Cars are not the only issue here, but as the photos show we have killed quite a few insects on our journey and that doesn’t help the issue. As the USFWS endangered species act (ESA) listing of the monarch butterfly (Danaus plexippus) is a distinct possibility, the ramifications of roadside milkweed plantings and 75 mph interstate highway speeds will need to be revisited. Most of the time the collisions are only noticed after the fact when the windshield gets smeary, but I know I hit a monarch here in Minnesota and wonder what this unintended take would involve in paperwork and fines? How many motorists could seperate monarchs from viceroys (Limenitis archippus) 75 mph to avoid one and smash the other to oblivian? Perhaps some public service announcement TV ads could point this out to help motorists do the right thing?
Clearly in the case of motor vehicle collisions it is clearly better to be the windshield than it is to be the bug. However, the windshield is also impaired by the insects it has smashed. This isn’t just a loss of beauty, this is a loss of the ecological services that these insects could have provided if allowed to live. E,O. Wilson famously called ants: “the little things that run our world” and I think we can extend this concept to insects in general.

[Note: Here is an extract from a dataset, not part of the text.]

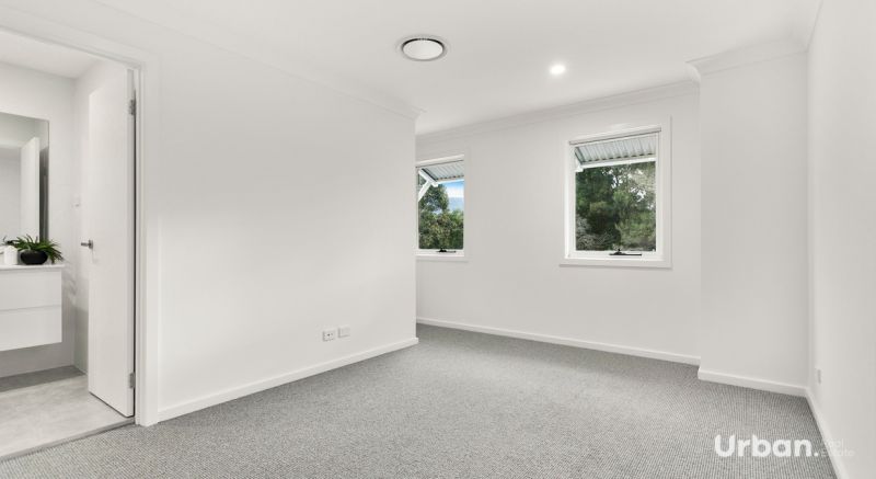 Upstairs, the luxurious master suite provides a peaceful retreat with a walk-in wardrobe and stylish ensuite, while two additional bedrooms with built-in robes and soft grey carpets share a beautifully appointed main bathroom featuring floor-to-ceiling tiles and modern fittings.

Our car was just one of many on the highways we traveled. If the monarch were listed, the incidental take by motorists would need to be considered: slower speed limits, roadside buffer strips to force insects to travel over traffic, reduced vehicular frontal areas to reduce impact potential, or some other engineering solution (public transit?) may help. Perhaps we shouldn’t wait for the ESA and start trying to solve the problem now? The canary in the coal mine just might be an orange and black butterfly. Perhaps listening to this canary might just save us.
Reference: Wagner DL. Insect Declines in the Anthropocene. Annu Rev Entomol. 2020 Jan 7;65:457-480. doi: 10.1146/annurev-ento-011019-025151. Epub 2019 Oct 14. PMID: 31610138.